A male whale and a female whale were swimming off the coast of Japan when they noticed a whaling ship. The male whale recognized it as the same ship that had harpooned his father many years earlier. He said to the female whale, "Lets both swim under the ship and blow out of our air holes at the same time and it should cause the ship to turn over and sink." They tried it and sure enough, the ship turned over and quickly sank. Soon however, the whales realized the sailors had jumped overboard and were swimming to the safety of shore. The male was enraged that they were going to get away and told the female, "Let's swim after them and gobble them up before they reach the shore." At this point, he realized the female was becoming reluctant to follow him. "Look," she said, "I went along with the blow job, but I absolutely refuse to swallow the seamen."
Any time someone is hot and you're too scared to approach them, remind yourself that they've probably had diarrhea at some point.
What's the perfect amount of time to microwave your popcorn?
I can't tell you, it's pop secret.
HUSBANDS ARE LIKE WINE... THEY TAKE A LONG TIME TO MATURE!
Every time I walk through baggage reclaim at an airport, I burst into tears.
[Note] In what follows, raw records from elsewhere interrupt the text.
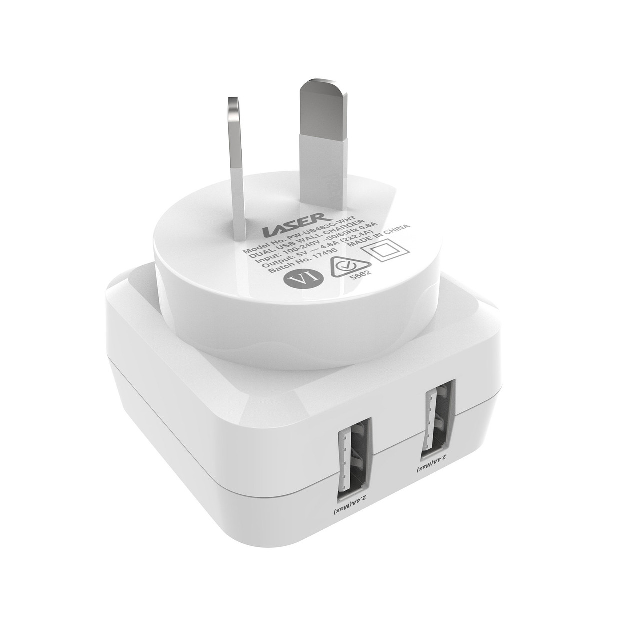 Stay powered wherever you go with the Laser Dual USB AC Charger in White the perfect solution for charging multiple devices at once.
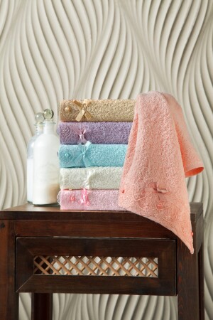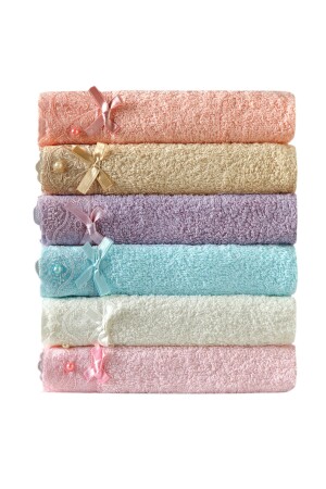 Güpürlü Saten Işleme Desenli Kutulu Lüks Çeyizlik 50x90 6'lı El Yüz Havlu Seti
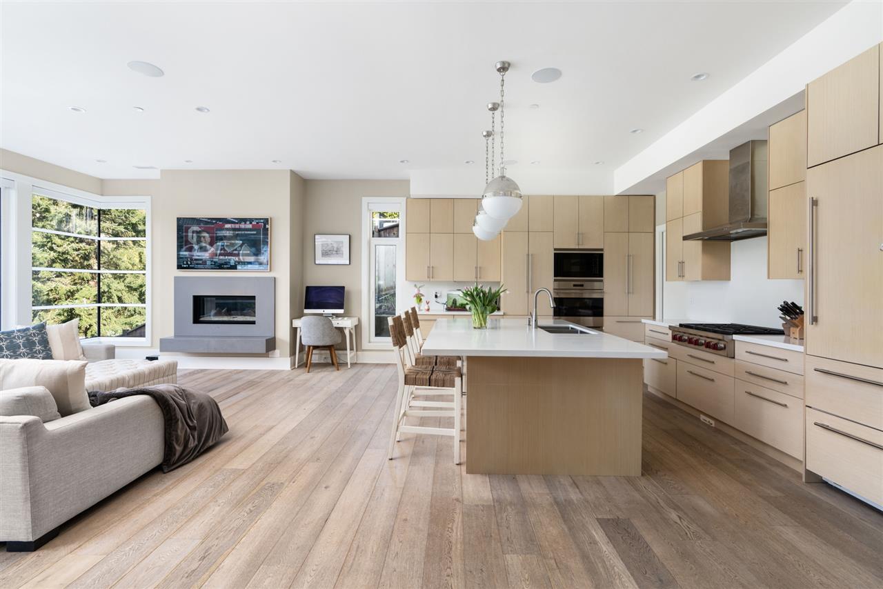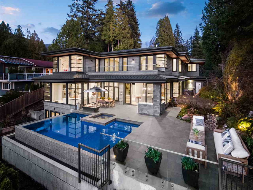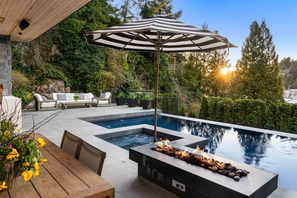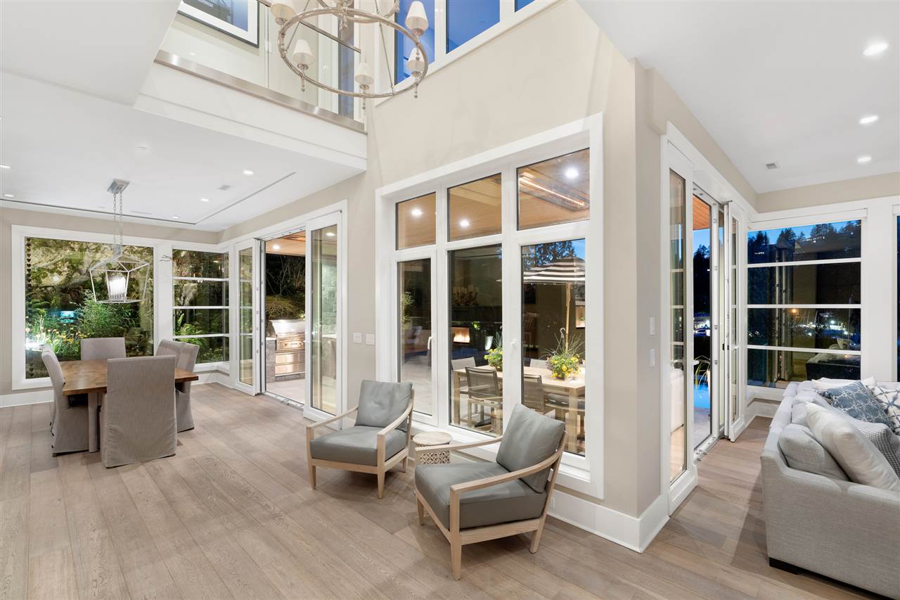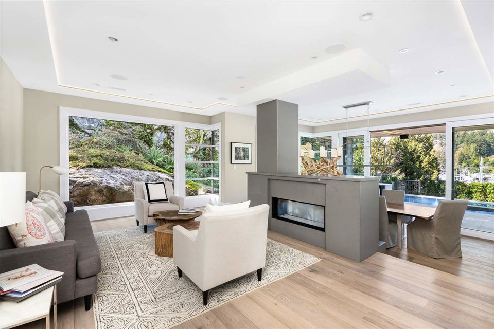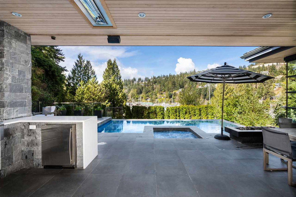 Relaxed & effortless yet sophisticated Beach House style with thoughtful design by Vesna Molby using natural materials & a subtle, driftwood-neutral palette. Rare opportunity to own a gorgeous 5 bedroom home in this sought after seaside community tucked away south of Marine Drive. Overlooking Fisherman’s Cove & Marina Views.Beautifully private, flat property. Easy care landscape & child friendly, hide & seek secret garden.Lazy 5 minute stroll or bike ride to sandy Eagle Harbour Beach & Yacht Club to relax, paddle board or sail. Open plan kitchen/family room/dining/living with two fireplaces lends itself to entertaining on a large scale with soaring ceilings, loads of window, wide plank white oak flooring.Enjoy the breezy indoor/outdoor living opening out to covered heated patio with outdoor kitchen overlooking fireplace & infinity edge pool/hot tub.Upper floor has 4 bedrooms including light & airy Master suite with glamorous ensuite and large balcony. Lower level rec room opens to private fireplace & patio.
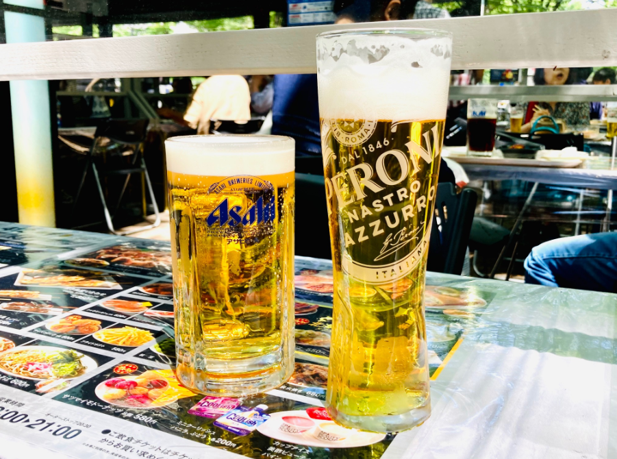 두 번째는 아사히 슈퍼드라이와 야키소바 조합입니다. 아사히 슈퍼드라이의 청량감과 드라이함이 짭짤하고 고소한 야키소바의 맛을 더욱 돋보이게 해줘요. 특히 더운 날씨에 이 조합은 정말 최고입니다! 땀 흘리면서 시원한 맥주 한 잔에 야키소바를 먹으면 여행의 피로가 싹 가시는 느낌이 들 거예요.
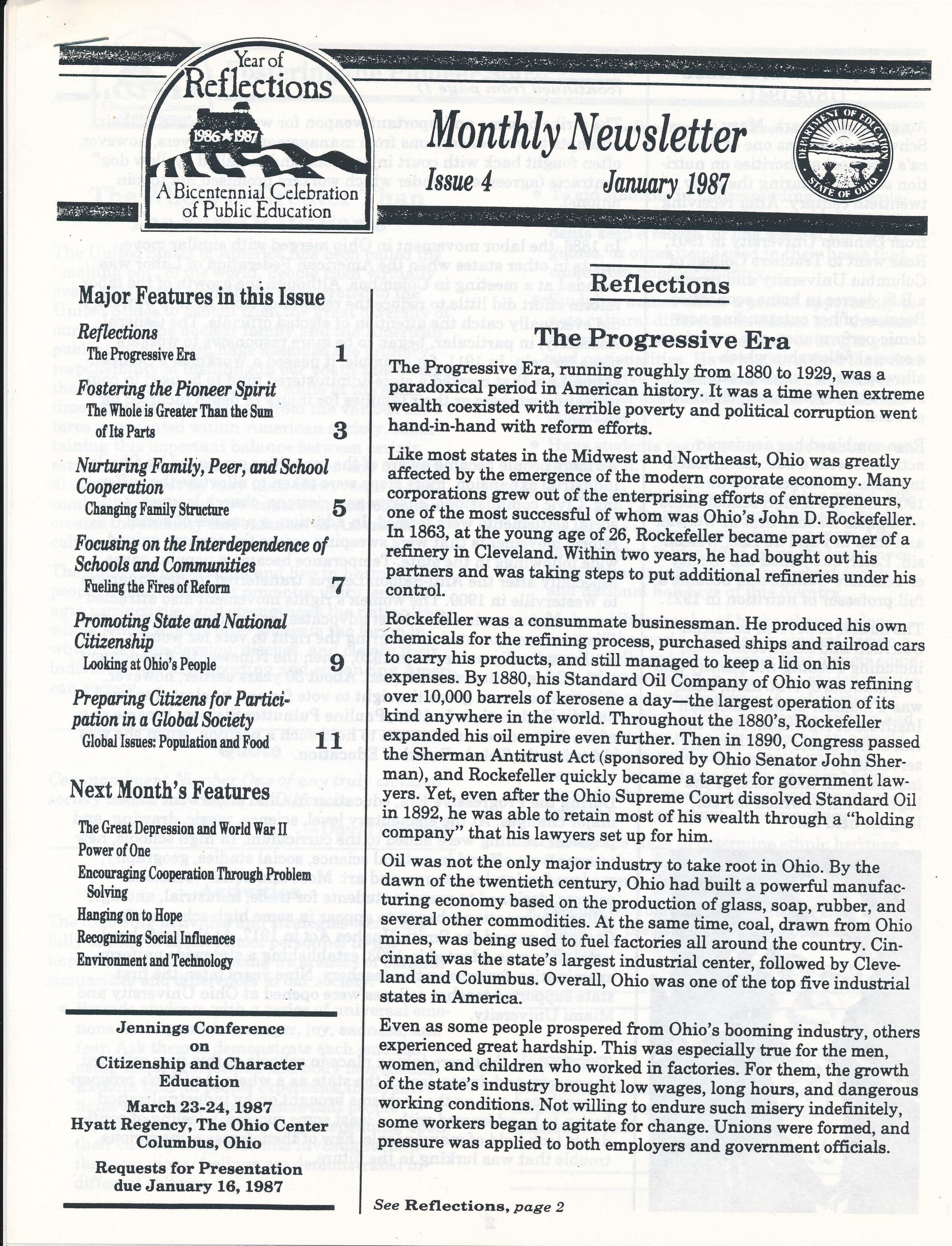 A Bicentennial Celebration of Public Education Monthly Newsletter Issue 4, January,1987 sent to Pat Agresta, Trumbull Board of Education.Acquisition
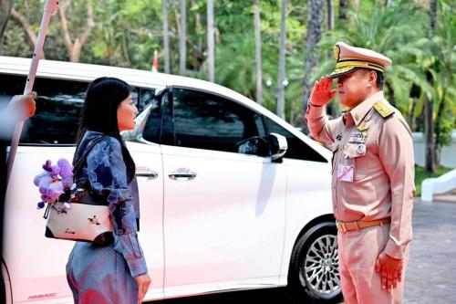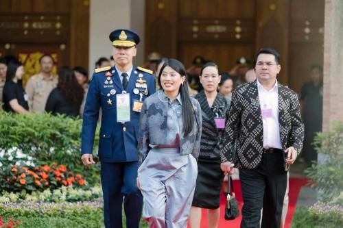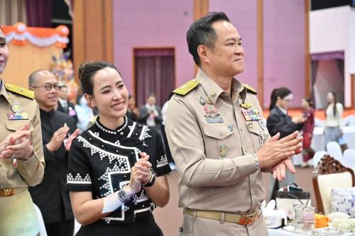 ในการนี้ นายอนุทิน ชาญวีรกูล นายกรัฐมนตรีและรัฐมนตรีว่าการกระทรวงมหาดไทย พร้อมด้วยนางสาวธนนนท์ นิรามิษ ประธานกรรมการคู่สมรสคณะรัฐมนตรีและที่ปรึกษากิตติมศักดิ์สมาคมแม่บ้านมหาดไทย นางศุภจี สุธรรมพันธุ์ รัฐมนตรีว่าการกระทรวงพาณิชย์ นางสาวซาบีดา ไทยเศรษฐ์ รัฐมนตรีว่าการกระทรวงวัฒนธรรม นางสาวศศิธร กิตติธรกุล รัฐมนตรีช่วยว่าการกระทรวงมหาดไทย นายอรรษิษฐ์ สัมพันธรัตน์ ปลัดกระทรวงมหาดไทย นางจิณณารัชช์ สัมพันธรัตน์ นายกสมาคมแม่บ้านมหาดไทย นายสยาม ศิริมงคล อธิบดีกรมการพัฒนาชุมชน นางอรจิรา ศิริมงคล อุปนายกสมาคมแม่บ้านมหาดไทยและประธานชมรมแม่บ้านพัฒนาชุมชน ศาสตราจารย์ปฏิบัติ ดร.เอกชัย มหาเอก รองอธิการบดีมหาวิทยาลัยเชียงใหม่ ผู้บริหารระดับสูงของกระทรวงมหาดไทย ผู้ว่าราชการจังหวัดภาคเหนือ ประธานแม่บ้านมหาดไทยจังหวัด ข้าราชการ สมาชิกแม่บ้านมหาดไทย คณะที่ปรึกษาโครงการ “ผ้าไทยใส่ให้สนุก” ผู้ประกอบการ และสมาชิกศิลปาชีพจากจังหวัดต่าง ๆ เฝ้ารับเสด็จ
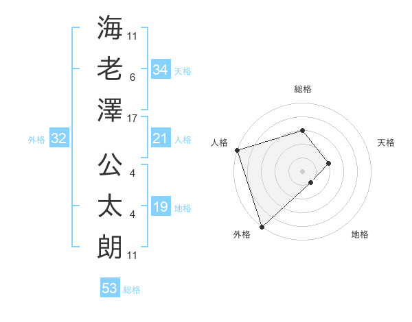 海老澤 公太朗さんを姓名の画数から五運を鑑定
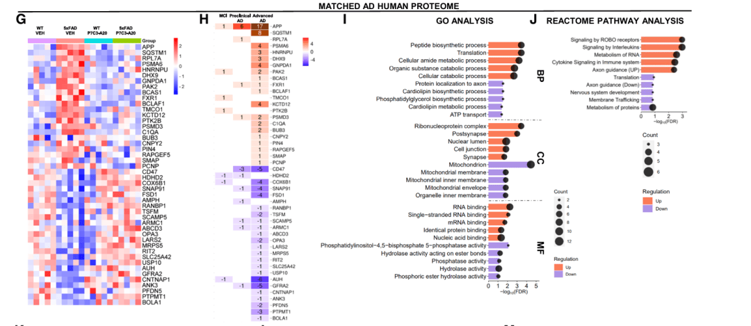 为了进一步挖掘潜在的治疗靶点,研究人员进行了一项跨物种的蛋白质组学分析。他们对比了人类 AD 大脑和小鼠大脑的蛋白质变化,筛选出了 46 种在两个物种中变化趋势一致,且在小鼠接受 P7C3-A20 治疗后恢复正常的蛋白质。
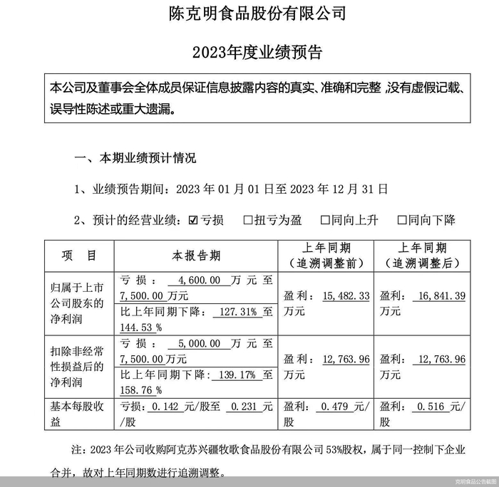 对于上半年业绩下滑,克明食品在当时解释为,收购的阿克苏兴疆牧歌受到生猪养殖行业周期性影响,导致公司养殖板块经营业绩出现亏损,以及市场环境变化导致公司主营产品销量及营业收入减少。
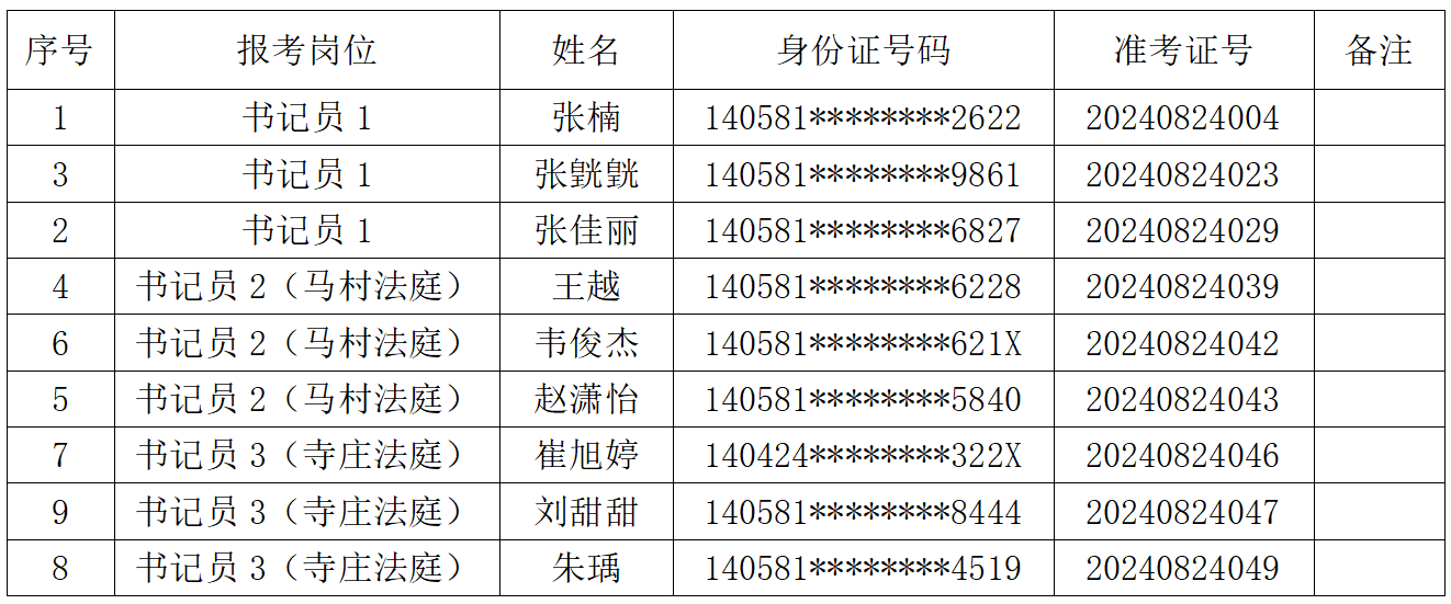 根据太阳成集团tyc138人力资源公司2024年8月7日发布《太阳成集团tyc138人力资源公司招聘3名书记员公告》要求,依据初试成绩从高分到低分的顺序,按计划招聘人数1:3的比例确定参加资格复审的人选,人数未达1:3的按实有人数确定。初试成绩排名末尾出现并列的考生一并进入资格复审环节,现就资格复审有关事项通知如下:

I'm case sensitive.
Husband:Are you ready yet love? We need to leave now if we’re going to be on time to see Les Miserables.
Wife: I’m coming dear, and I really wish you wouldn’t refer to our visits to my parents like that Pierre!!
I feel like as if for what that I sometimes but not all the time I use too many words in a sentence that I don’t really necessarily have to or need to.
My girlfriend said she needs time and space. I think she's calculating velocity. She's so smart.
Every time I get a paper cut, I know somewhere a tree is laughing.
I had lunch at the Time Travel Buffet and went back four seconds.
Judge to defendant - "Have you ever been up before me?"
Defendant - "I'm not sure, what time do you normally wake up?"
Do you think the inventor of the USB will be buried twice? The 2nd time because they put him in the wrong way?
Just spent a week building a time machine. That’s seven days of my life I’m going to get back.
A man and a little boy entered a barbershop together
The man received a full treatment, a haircut, shave, shampoo, and styling.
After he was done, he placed the boy in the chair.
'I'm going to buy a tie to wear for tonight's party, alright?' he asked. 'I'll be back in a few minutes.'
'Sure,' the boy said.
By the time the boy was finished with the haircut, the man still hadn't returned.
'Looks like your dad forgot about you little man,' the barber said.
'That wasn't my dad,' the boy said. 'He just walked up, took me by the hand, and told me we were gonna get a free haircut.'
Happy summer -- the time when it's too hot to do the jobs it was too cold to do all winter!